Don, surely you can see that your position needs to be clarified. How can you answer our questions so clearly and scripturally, adding, “I am not ashamed to let anybody know it,” but then tell other brethren that you are “glad” to tell anyone that you hold the opposite answers to the same basic questions? If you misled us, surely you would feel an ethical responsibility to return the money we sent. If you have totally reversed your position, what passages dictated your present views? We need to learn the truth if we do not know it. We respectfully request that you answer the same three questions you covered in 1985, using Scripture and explanations as you did before.

When brethren are asked to send and support a preacher somewhere, there should be no hesitation on the church’s part in asking or on the preacher’s part in declaring what will be taught. We still do not know what happened to Don Givens because he never answered our letter. We can only hope he will repent of the error he is teaching and stand for “all the counsel of God” on divorce and remarriage (Acts 20:27).

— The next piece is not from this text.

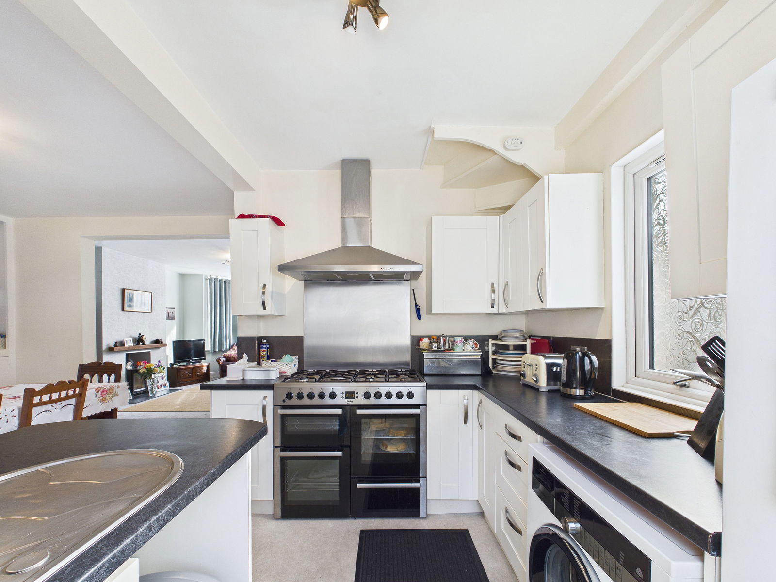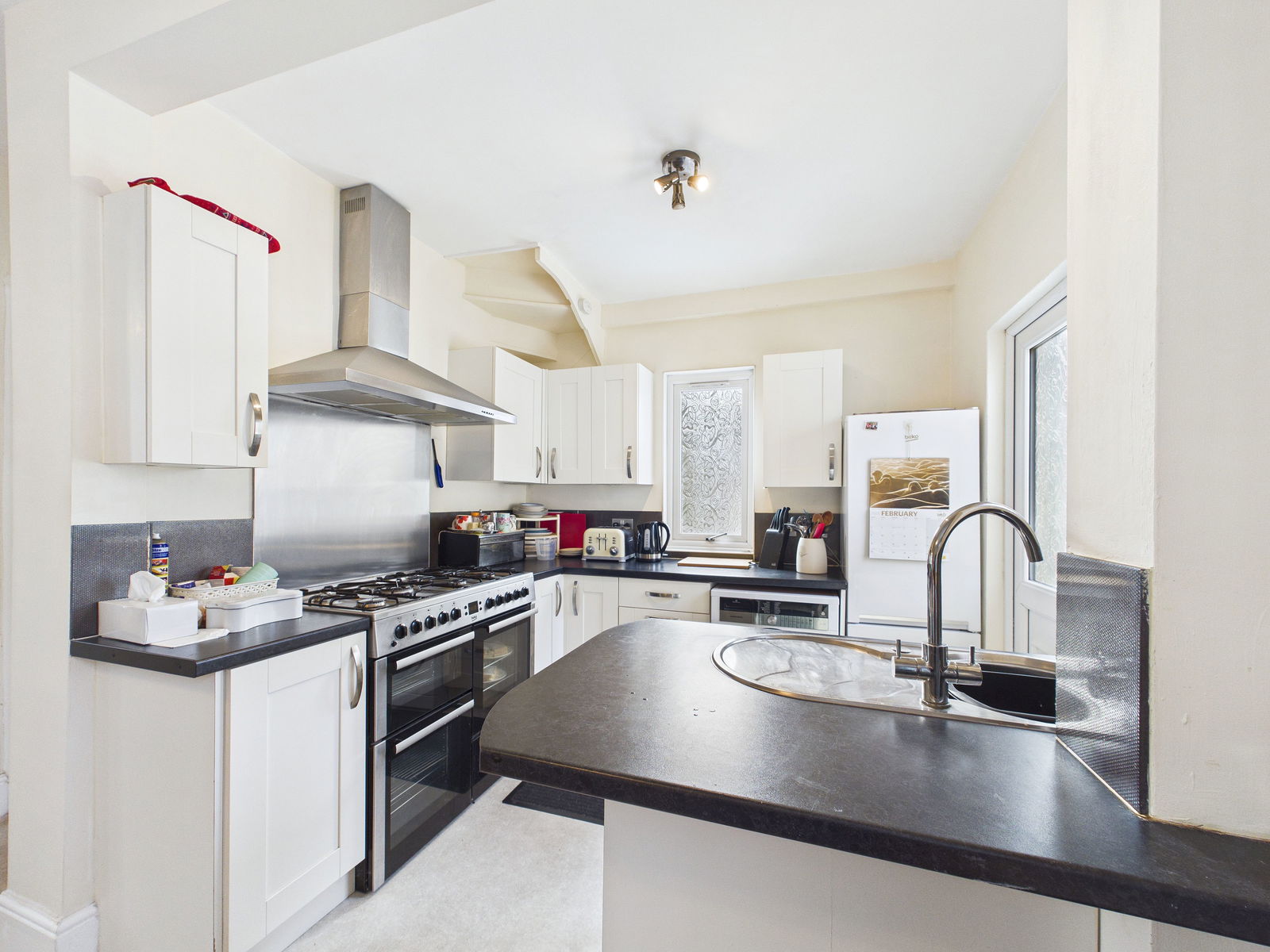 KITCHEN. 2.40 x 2.66 max Fitted with a matching range of wall and floor mounted units comprising of cupboards and drawers. Modern rolled edge work surfaces with inset 1 bowl stainless steel sink unit with mixer tap. Tiled splash backs. Gas cooker with fitted cooker hood above. Double glazed frosted window to side aspect and a small double glazed frosted window to the rear aspect. Double glazed door leading out into the rear down the steps. Space for a washing machine and fridge / freezer. There is also space and plumbing for a dishwasher. Vinyl hard flooring.

In the meantime, we continue to hear of churches involved in supporting Don which are not aware of his error. Don applied his error to an actual case of unscriptural remarriage in the church at Leeward, which divided that church. In the aftermath of this problem, as the Leeward church was considering terminating his work with them, he resigned the work in July of 1991. Some churches have continued sending Don financial support because they have not been aware of his error or of the &vision and resignation resulting from this error. None of this information was provided in the reports which Don continued to send out (and perhaps is still sending out?) to those churches. None of this information was included in Don’s reports dated August 1991, September-October 1991, and November-December 1991.

Since each church is autonomous, we can only plead with brethren to inquire and investigate when you invest the Lord’s money in supporting preachers.